Spellchecking BE

This feature enables the user to spellcheck a potential query based on the data which is loaded in Squirro. There for we make use of the Elasticsearch suggester functionality.

How to use / How does it work

You can send a normal query/item request to the topic api (/v0/{tenant}/projects/{project_id}/items/query) in addition to the query you add a tag spellcheck in the following format:

1 'spellcheck': {'text': 'squiro','field': 'body.en.unstemmed'}

The field text holds the query on which you would like to have a suggestion and the field field takes the Elasticsearch index in which the spellchecker respectively Elasticsearch needs to look for similar words.

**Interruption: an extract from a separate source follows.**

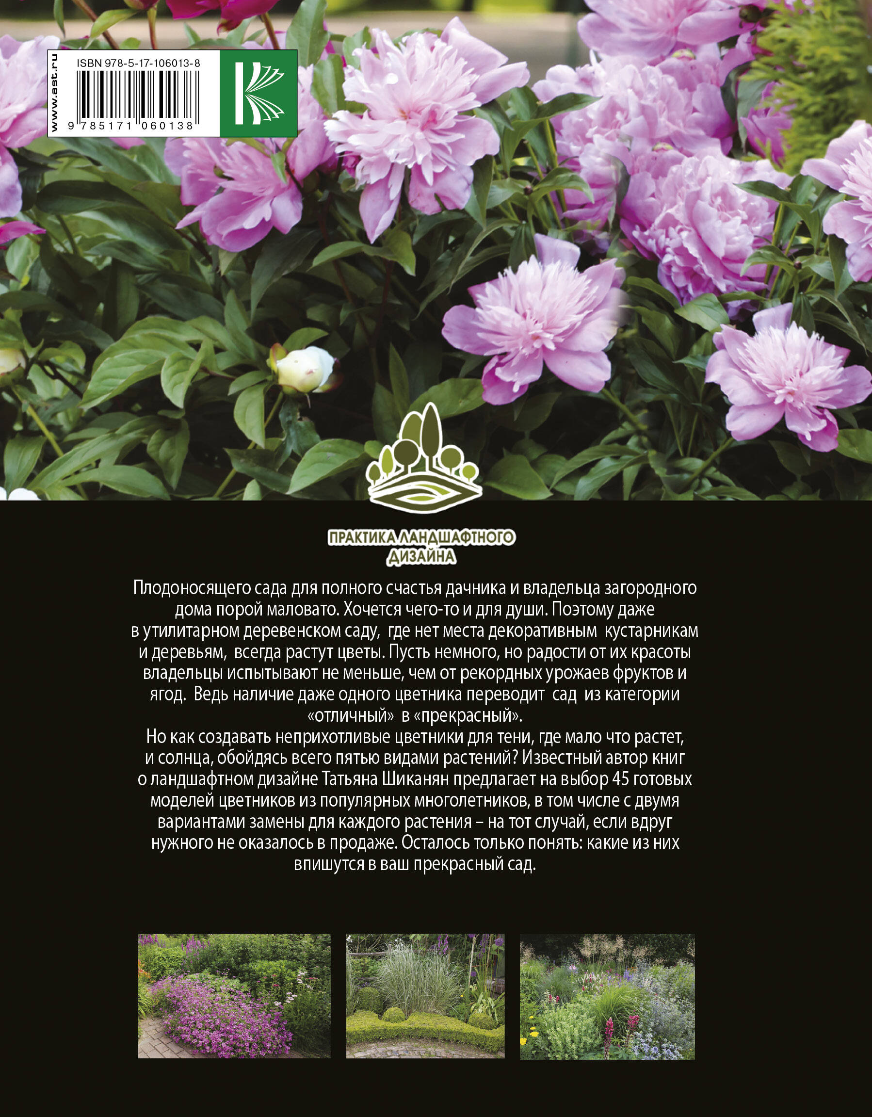 Плодоносящего сада для полного счастья дачника и владельца загородного дома порой маловато. Хочется чего-то и для души. Поэтому даже в утилитарном деревенском саду, где нет места декоративным кустарникам и деревьям, всегда растут цветы. Пусть немного, но радости от их красоты владельцы испытывают не меньше, чем от рекордных урожаев фруктов и ягод. Ведь наличие даже одного цветника переводит сад из категории "отличный" в "прекрасный". Но как создавать неприхотливые цветники для тени, где мало что растет, и солнца, обойдясь всего пятью видами растений? Известный автор книг о ландшафтном дизайне Татьяна Шиканян предлагает на выбор 45 готовых моделей цветников из популярных многолетников, в том числе с двумя вариантами замены для каждого растения - на тот случай, если вдруг нужного не оказалось в продаже. Осталось только понять: какие из них впишутся в ваш прекрасный сад.| Издательство | Издательство "АСТ" |

The topic api then picks the suggested word with the highest score from the Elasticsearch response. As a response you get in addition to the query results a dictionary with suggestions to your spellcheck query:

1 'spellcheck': {'original': 'squiro', 'corrected': 'squirro'}

Further improvements

  • We see some possible improvements, since the suggester of Elasticsearch only allows requests on specific and single indices:

    • creating of a new indices which is used for the spellchecking

    • sending multiple requests to gather suggestions from various fields

  • A ES query fails if we provide a non existing indices to the spellchecker, since the ES suggester only takes single index field names without wildcards.

    • decoupling from the query execution

    • a-priory checks if the provided index exists

  • We could tackle the problem by loading the tokens into a dictionary as middle layer and access it via a python spellcheck library (e.g. pyspellchecker), if we run into performance issues with the current approach.